Лежали в траве, скупо перебрасывались словами, ждали: когда прекратится всякое движение, они встанут и пойдут на юго-восток. Ковалю страшно хотелось закурить. Время от времени он лез рукой в карман — и вытаскивал руку обратно. Нельзя… Матеуш не хотел признаться в этом даже самому себе, но он боялся. Боялся… Одно дело говорить о борьбе на собраниях, а совсем другое — за городом ждать момента выхода на операцию, отдавать себе отчет в том, что в случае встречи с любым патрулем у них не останется никаких шансов на удачу.

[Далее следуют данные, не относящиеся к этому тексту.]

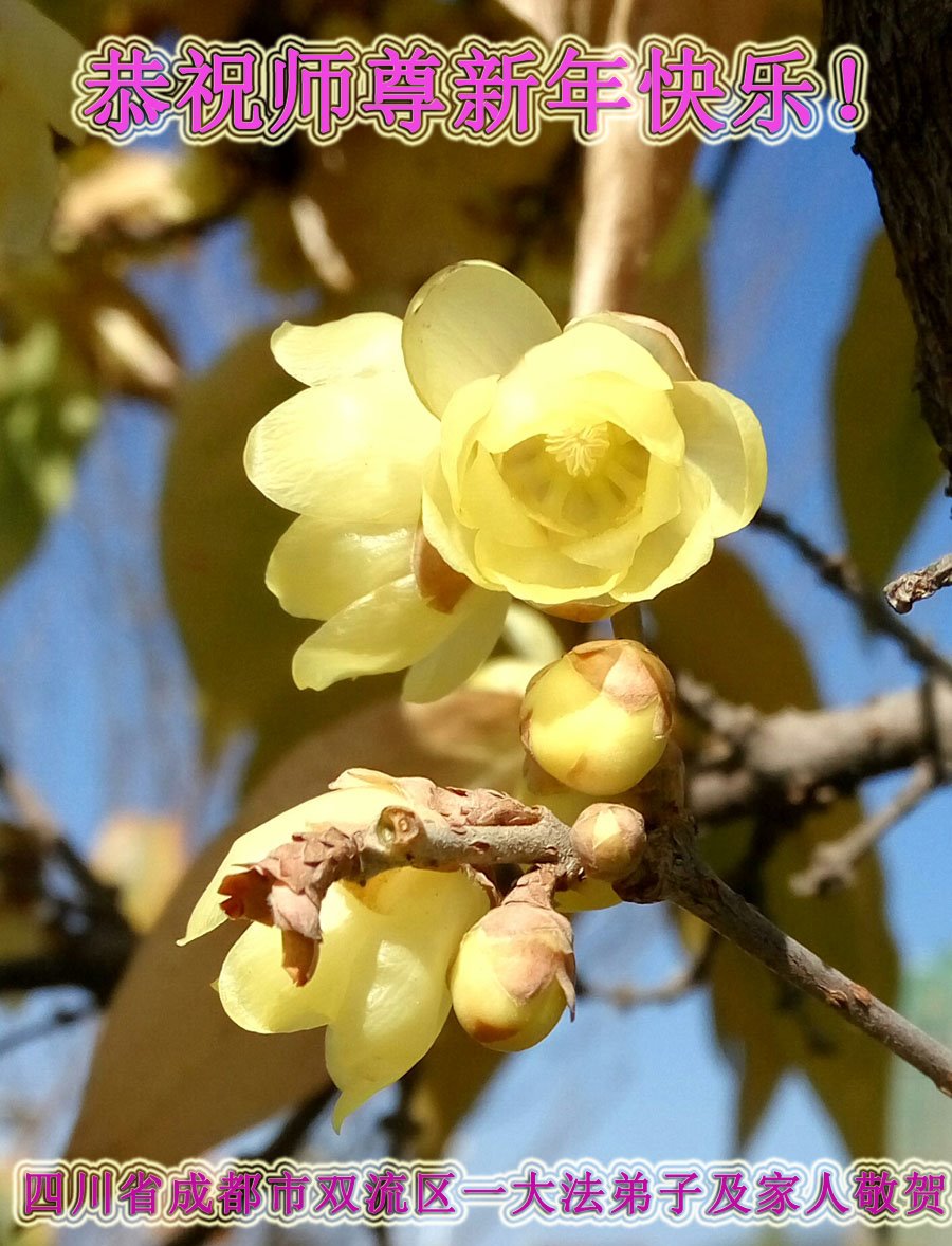 四川省成都市双流区一大法弟子及家人敬贺师尊新年快乐!

Да, лежать в траве и вслушиваться в этот вечер, при каждом шелесте гадать, не немцы ли идут… Станут ли они легкой добычей жандармов или окажут сопротивление?

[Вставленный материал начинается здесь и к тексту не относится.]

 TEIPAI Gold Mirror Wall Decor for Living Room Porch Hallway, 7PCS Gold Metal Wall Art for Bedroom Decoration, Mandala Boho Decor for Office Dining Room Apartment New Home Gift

Когда-то он воевал, была у него сила и твердая рука. Брал на мушку людей в рогатых шлемах, не обращал внимания на свист пуль. Насмотрелся на смерть своих и чужих. Да, когда-то он был солдатом. Сегодня он боялся за себя и за этих шестерых, лежащих рядом с ним. Долго колебался, прежде чем дал согласие. А чтобы доказать Козе, что колебался не от страха, решил сам пойти на операцию.

— Провести операцию должен я, — напирал Коза. — У нас есть боевые ребята, хотят действовать. Мы столько говорили о борьбе, о помощи Красной Армии.

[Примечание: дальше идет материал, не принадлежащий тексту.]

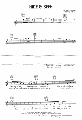 Hide And Seek, as performed by Howard Jones, arranged for voice with melody line, words and guitar chords and available to print instantly at home.

— Кроме разговоров нужно иметь возможности.

— У нас уже есть оружие. Правда, всего три ствола…

— Мало.

— А откуда взять больше? Вы поможете? — горячился Коза.

— Попробуем добыть денег. Наверное, оружие можно купить.

— Деньги… — Коза только рукой махнул.

Оба хорошо знали, что денег нет. Не хватало даже на бумагу для размножения на гектографе радиосообщений.

В подвале у него закопана банка Вайнера. Коваль догадывается, что в ней: наверное, золото и доллары… Вайнер умер, а семья, очевидно, в гетто, хотя никто точно не знает. Некому возвратить банку. А пригодилась бы весьма для вооружения группы. Коза говорит правду. Нельзя больше сдерживать ребят. Долго и настойчиво разъясняли им необходимость вооруженной борьбы с оккупантами, а теперь все дело свелось к собраниям. Но как пустить в дело доверенные ему деньги? А вдруг явится кто-нибудь из семьи Вайнера? Будут считать Коваля мошенником.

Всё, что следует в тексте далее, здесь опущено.